Leave the images behind and copy every record exactly.

# # #

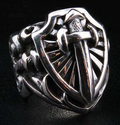 Intricately carved and produced by our talented Silversmith, this Sword Knight Templar Huge Solid Sterling Silver Ring features a large shield with a vertical mighty sword displayed valiantly on the ring face, while another decorative sword is carved around the band.
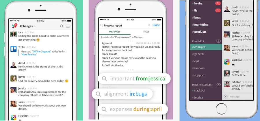 Slack是一款极佳的APP,如上图所示,它实现了上述所有功能。这款APP让用户能够在一个封闭的聊天环境中沟通交流、添加附件,给彼此打标签。同时,这款APP实时更新(如:标记已读),以帮助用户浏览。它还通过通知以及其他一些小动作让用户对聊天内容保持同步。
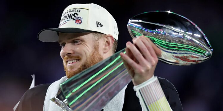 Sam Darnold of the Seattle Seahawks celebrates after the NFL Super Bowl against the New England Patriots at Levi’s Stadium Feb. 8, 2026, in Santa Clara, Calif. The Seahawks defeated the Patriots, 29-13. (Kevin Sabitus/Getty Images)
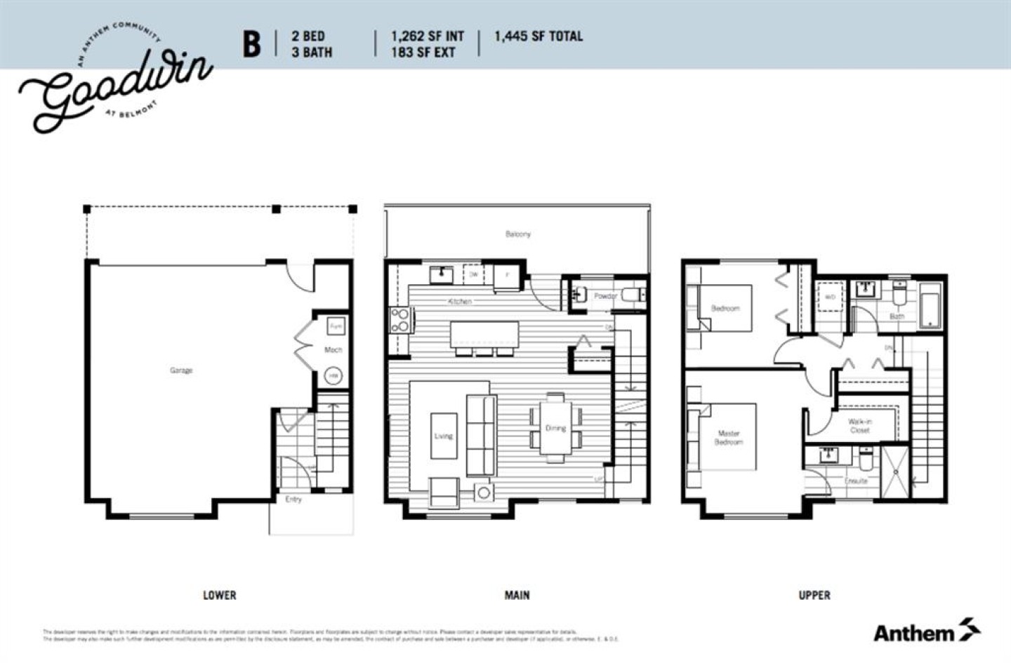 Welcome home! This is your opportunity to live at Goodwin by Anthem in the brand-new master planned community of Belmont. Your spacious open concept townhome comes complete with high end finishes, appliances and an attached double car garage. Inspired by west coast aesthetic, translated to contemporary prairie architecture the homes are bright, modern and approachable. Whether you are a family, young professional, downsizer or investor these homes bring forth value, craftsmanship and quality that you do not want to live without. Amenities include exclusive access to the Goodwin outdoor living space including picnic tables, a fire pit and dog run! Goodwin is surrounded by shopping, parks, recreation centers, schools and much more. NOTE: Unit 210 is a B Plan, 2 BR 2.5 Bath. This is a quick possession home. Photos are of display homes. The area size was calculated by applying the RMS to the blueprints provided by the builder.
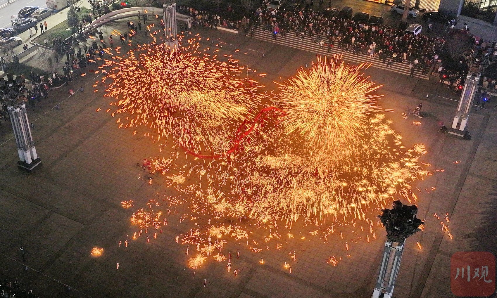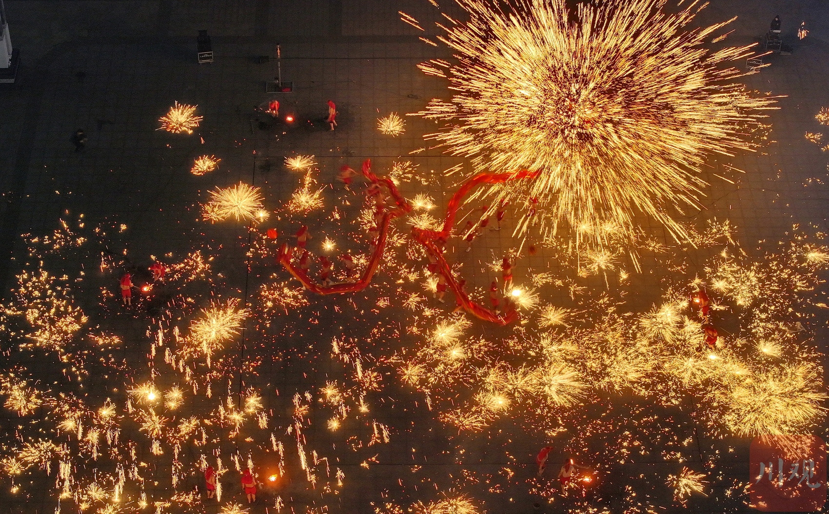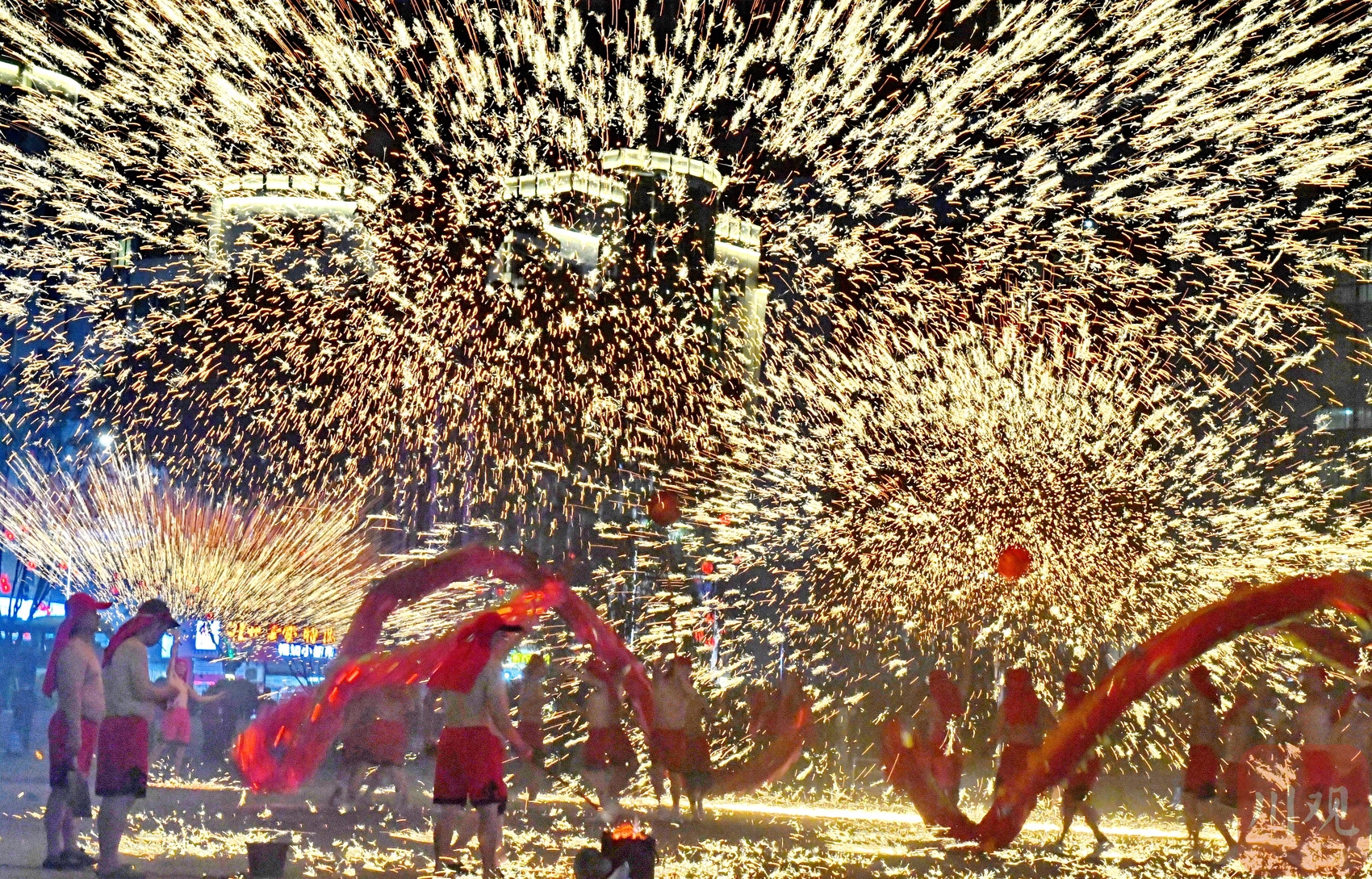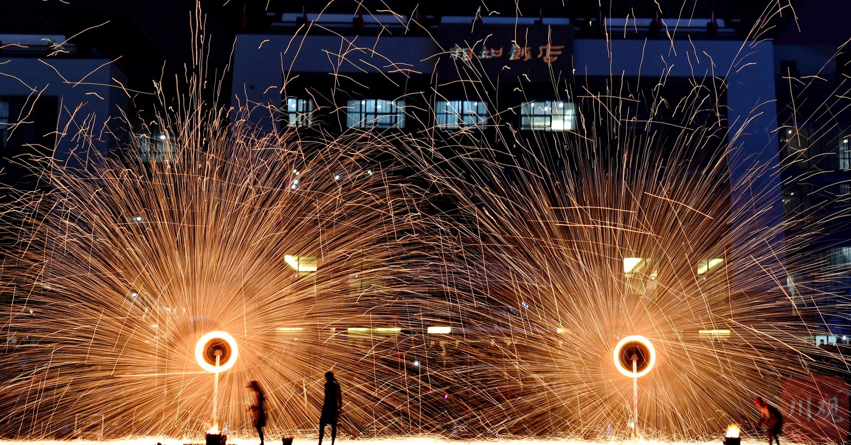 网络中国节丨四川蓬安:民间艺人舞动钢花火龙迎春节

# # #

◆ RESPONSE ◆
 Intricately carved and produced by our talented Silversmith, this Sword Knight Templar Huge Solid Sterling Silver Ring features a large shield with a vertical mighty sword displayed valiantly on the ring face, while another decorative sword is carved around the band.
 Slack是一款极佳的APP,如上图所示,它实现了上述所有功能。这款APP让用户能够在一个封闭的聊天环境中沟通交流、添加附件,给彼此打标签。同时,这款APP实时更新(如:标记已读),以帮助用户浏览。它还通过通知以及其他一些小动作让用户对聊天内容保持同步。
 Sam Darnold of the Seattle Seahawks celebrates after the NFL Super Bowl against the New England Patriots at Levi’s Stadium Feb. 8, 2026, in Santa Clara, Calif. The Seahawks defeated the Patriots, 29-13. (Kevin Sabitus/Getty Images)
 Welcome home! This is your opportunity to live at Goodwin by Anthem in the brand-new master planned community of Belmont. Your spacious open concept townhome comes complete with high end finishes, appliances and an attached double car garage. Inspired by west coast aesthetic, translated to contemporary prairie architecture the homes are bright, modern and approachable. Whether you are a family, young professional, downsizer or investor these homes bring forth value, craftsmanship and quality that you do not want to live without. Amenities include exclusive access to the Goodwin outdoor living space including picnic tables, a fire pit and dog run! Goodwin is surrounded by shopping, parks, recreation centers, schools and much more. NOTE: Unit 210 is a B Plan, 2 BR 2.5 Bath. This is a quick possession home. Photos are of display homes. The area size was calculated by applying the RMS to the blueprints provided by the builder.
 网络中国节丨四川蓬安:民间艺人舞动钢花火龙迎春节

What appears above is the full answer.